Full of Shinto 

Full of Shinto

Shinto 1:
There is a shinto ceremony for blessing the roof of a house under construction. Builders climb to the top of the roof, carrying with them a large dead fish on a tray for good measure. They then proceed to throw bean and rice cakes at the people beneath. The idea is that the motley crew on the ground scurry about collecting the said confectionery. Bean cakes can be quite heavy, especially large ones, which are like breast implants made of lead. Bending over to collect a cake is often accompanied by an ominous clonk on the head from an air to surface bean missile. The problem with a celebration for erecting the structure of a house`s roof, is rain. A roof does not provide much cover when it has not yet been built. Having violently assaulted the gathered audience, the builders then break into traditional song, and there is much merriment. The beer flows and sushi rolls out - one soon forgets that shinto ceremonies are soggy and dangerous affairs.


Building kicks
[A builder can barely contain his glee as he pummels the congregation with rice cakes. These sweets are mouth-watering. One has to produce a month`s worth of saliva just to chew a single one of them. Having given up on mastication, one swallows the offending foodstuff whole, only for a thud on the nut to remind one that hundreds more of the cakes are earthbound. Perhaps the builder looks so happy because he is getting rid of the bloody things.]

Sleeping on trains:
The Japanese go into standby mode on trains. They sit down and the power goes off. Their heads flop down, nodding in agreement with the train`s momentum. Tired office workers have an uncanny tendency to levitate in their slumber, often re-appearing on different trains seemingly without altering their flaccid posture. But even schoolchildren nod off in transit, soon after their hand-held gaming devices and mobile phones have finally succeeded in nullifying any hint of independent thought or creative energy from their well-drilled brains. Perhaps they dream a lot, imagining a world without a hamster-wheel work ethic and a seven day school week.


Japanese re-charging ports
[A wide-awake westerner is stuck in a sleepy Japanese sandwich.]

Punctuality:
The Japanese transport system is world-renowned. Compared to European transport networks, perhaps with the exception of Germany, it is a welcome change. Everything runs on time. The reason everything runs on time is an absolute commitment to deliver an efficient service. The British transport system could learn a great deal from the Japanese model: air-conditioned carriages, well-presented staff, a consistent and coherent fare structure.

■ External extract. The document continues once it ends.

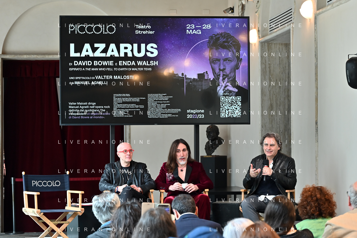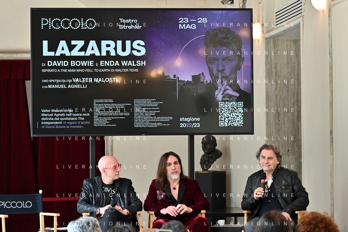 TVRG Presentazione Lazarus nella foto un momento della conferenza stampa con Manuel Agnelli, al centro, e Valter Malosti, a DX Milano 22-05-2023 Presentazione dello spettacolo Lazarus foto Roberto Garavaglia/ag. Aldo Liverani sas/Agenzia Aldo Liverani Sas

What the guide books don`t tell you is that the Japanese are so committed to time-keeping that they will sometimes depart early in order to arrive "on time". Few people are proud of the British rail network, but at least it is honest about its general inadequacy, with many trains cancelled because of an "absence of driver", or other such minor drawbacks. Japan is different. In the author`s humble opinion, if a bus is scheduled to leave at 10am it should not leave at 09:56am. One driver was even seen moving his clock forward in order to depart early on time. This will not do. If things are on time because they are early, then that makes late people even later, and the sordid cycle will continue until late people just become incredibly early for the next bus, with the concept of punctuality entirely redundant.

Expressing Contradictions:
There are three types of trains in this area of Japan. The type of train depends on the number of stations at which it stops, denoted by a coloured sign on the outside of each carriage. Limited Express trains have a red sign, and stop only at major stations, Express trains are marked with a green sign and stop more frequently than Limited Express trains but less frequently than Local trains, which are marked by a white sign and stop everywhere. This is a perfectly rational system. Problems arise however when a train undergoes an identity crisis and changes from an Express train to a Local train over the course of one`s journey. Newcomers to the country will step confidently on to a speedy Express train, only for it to morph into a Local train without a hint of warning (except for a Japanese tannoy announcement that might as well be broadcasting eskimo television news backwards). Of course the system works perfectly most of the time, making such unexpected contradictions all the more infuriating.